診察室から 地域、多職種と「独りではない」医療を

 大分健生病院は130床の病院です。訪問診療は病院管理の患者が約160人、法人内のクリニック管理の患者が約350人。訪問診療は曜日ごとに数人の医師が担当し、外来や病棟診療と並行しています。外来は内科、小児科、皮膚科、外科、整形外科、総合診療科を設置し、日々150人程度が受診します。夜間や休日でも、軽いやけどやじん麻疹、切創や打撲などの受診があります。
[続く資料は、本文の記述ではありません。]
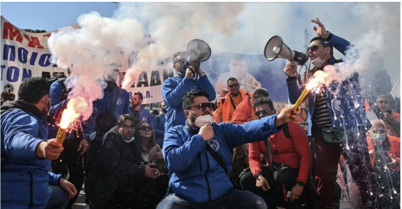
Manifestants contre l'inflation à Athènes, en Grèce, le 26 février 2022.

En Grèce, au moins 10 000 personnes se sont réunies devant le Parlement d'Athènes ce week-end à l'appel des syndicats, pour dénoncer l'inflation galopante, en particulier dans le secteur de l'énergie. Dans un pays toujours marqué par de bas salaires hérités de la crise économique, une inflation trop importante pourrait en effet menacer de nombreux Grecs de pauvreté.

 当院では2015年度から外科の手術体制がなくなったこともあり、大病院への紹介が必要となる症例が増えました。しかし、「消化管内視鏡検査やCT検査を行える地域の総合病院」なので、開業医からの紹介の機会も多数。もちろん、大病院から治療後の管理を依頼されることもあり、訪問診療をはじめ、病棟や外来はとても幅ひろい役割を担っています。
 だから常に、「当院でどこまで診療できるか」を考えさせられます。疾患や病態、患者背景を総合して治療方針が決まりますが、看護師、リハビリスタッフ、事務、薬剤師、相談員などとのミニ会議を経て、診療の場を決定することも多いのです。後に反省することも多々ありますが、現場でスタッフとともに悩み考えた結果なので、独りで落ち込み過ぎず前向きに改善策を検討しています。そうしたとりくみ、というか「もがき」をくり返していくなかで、チーム感、もしくは話しやすい雰囲気がつくられたのか、治療経過改善につながるような提案や相談が増えてきたように感じています。
 たとえば、事前指示がない状態変化でも、担当者が必要と感じたら報告する。報告があったら、まず感謝を伝える。その報告がどれだけ助けになったか、フィードバックする。こんなことでチーム感が増してきたりしました。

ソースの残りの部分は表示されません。